● **PROBLEM**
From the line with "<HISハネムーン説明会>" to the end of the data below, restate each line word for word, both ends included, without the pictures.

● **SUPPLIED DATA**
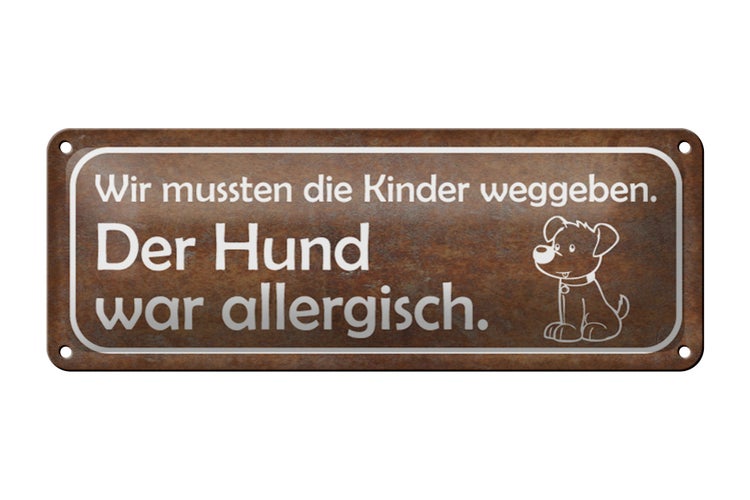 - TitelBlechschild Spruch 27x10cm Kinder weggeben Hund allergisch Dekoration [ORIGINAL BLECHSCHILD von FEMER]
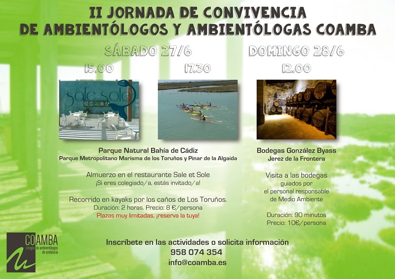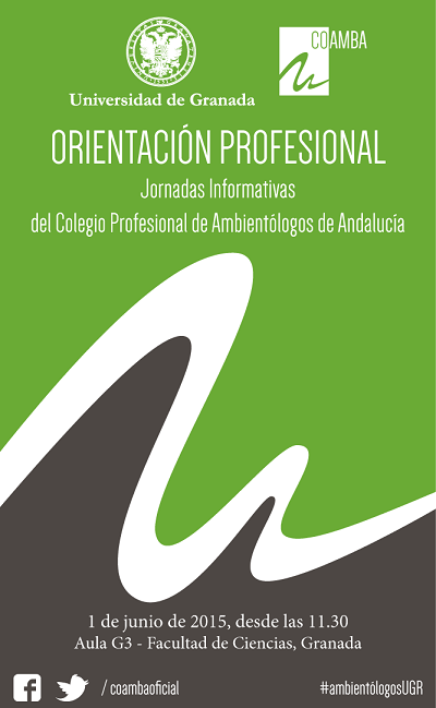 El próximo lunes día 1 de junio se impartirán unas jornadas informativas de orientación organizadas por el Colegio Profesional de Licenciados y Graduados en Ciencias Ambientales de Andalucía en la Facultad de Ciencias de la Universidad de Granada.
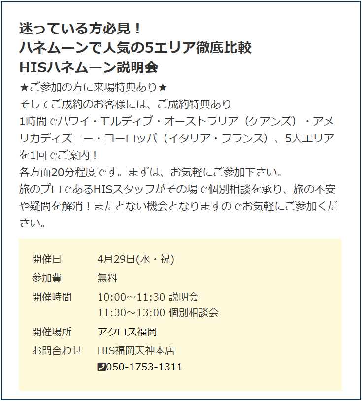 <HISハネムーン説明会>
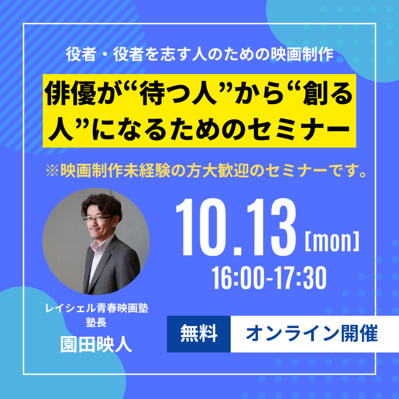 タイトル:【もう待つのはやめよう!】レイシェル青春映画塾:俳優のための映画創作セミナー“自分のやりたい芝居”を映像で実現する方法

● **FINAL ANSWER**
 <HISハネムーン説明会>
 タイトル:【もう待つのはやめよう!】レイシェル青春映画塾:俳優のための映画創作セミナー“自分のやりたい芝居”を映像で実現する方法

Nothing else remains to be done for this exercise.